感染予防には「顔を触らない」ことが重要だそうですが、無意識に触ってしまうので難しいですね。今日は雨なので花粉は少なそう。そんな早朝の大阪から今朝も展活タイムズをお届けします。

まずは「伝えたい人は誰か?」

昨日の記事に展示会で「誰に何を伝えるのか」において“何”がわかるブースはたくさんあるけど、“誰”がわかるブースはほとんどないことに気付き、ここを解決したらもっと成果につながるのではないかと考え、問題解決型ブースにたどり着いたと書きました。

今日は具体的にどうすれば“誰”に伝えたいのかがわかる展示会を作ることができるのかを書いていきます。

展活からはじめて問題解決型ブースの成功事例が出たのは2015年でした。これまで展活タイムズで何度も紹介してきたケイ・エイチ工業(株)さんのプラントショー出展をサポートさせていただいたときです。

成功の要因は出展コンセプトを明確にしていく過程にありました。通常、ウェブ制作であれ広告制作であれ、コンセプトを固めるときに考える順番ってまずは「うちの強みは何だろう?」ですよね。でも私はそれまでたくさんの展示会を見てきた中で“何”がわかるブースはたくさんあるけど、“誰”がわかるブースはほとんどないことに気付いていたので、まずこの順番を疑ったんです。強みから考えるから“何”しか伝わらないのではないだろうか、と。

なので「誰に伝えたいのか」をとことん明確にするため、ブレーンストーミングの手法を用いてまずは数を出す、というワークをやらせていただきました。次にその人が困っていることや求めていることを明文化し、それに対してケイ・エイチ工業はどのような解決法を提案できるのか、その根拠は何なのか、そういう順番で考えていただきました。

その根拠にあたる部分がいわゆる“強み”になります。展活のコンセプト明確化ワークではまず最初に「伝えたい人は誰か」を考え、強みは最後なのです。このやり方で時間をかけてじっくりと作り上げたコンセプトを元にできたのがこのブースです。

プラントショーは化学工場などプラント設備をお持ちの企業の設備担当者さんが多く来場する展示会です。そういう人たちの中で特にプラントの「臭い」「腐食」「毒性」にお悩みの方に伝えるためのブースが完成しました。その狙いは見事に当たり、ブース配置的には奥のスミで決して人通りの多いエリアではなかったにもかかわらず、「臭い」「腐食」「毒性」にお悩みの方がドンピシャで立ち止まってくださいました。

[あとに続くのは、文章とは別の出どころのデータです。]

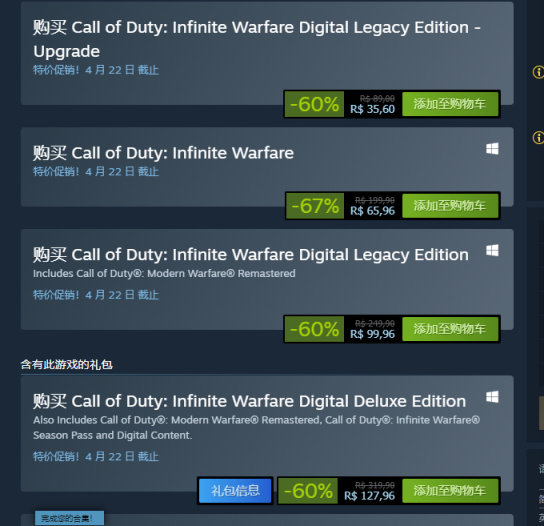 然后就是cod13 无限战争,这个说实话很多人就懵逼了,第二个看起来是游戏本体,怎么还比第一个贵?这个其实挺坑的,第一个版本是Digital Legacy Edition - Upgrade 数字遗产版升级包,这个是数字遗产版的升级包,里面只包含一个现代战争1的重置版.....千万别买。第二个就是本体,第三个就是本体+现代战争重置版,第四个就是本体+全dlc+现代战争重置版

以上が“誰”がわかるブースの具体的な作り方です。明日以降、この基本をおさえた上で更に伝達力の高い展示会を作るための具体的な方法を書いていきますね。

まとめ

今朝の展活タイムズは“強み”から考えるのをやめてみようというタイトルで“誰”がわかるブースの具体的な作り方について解説してみました。

今日もお読みいただきありがとうございます。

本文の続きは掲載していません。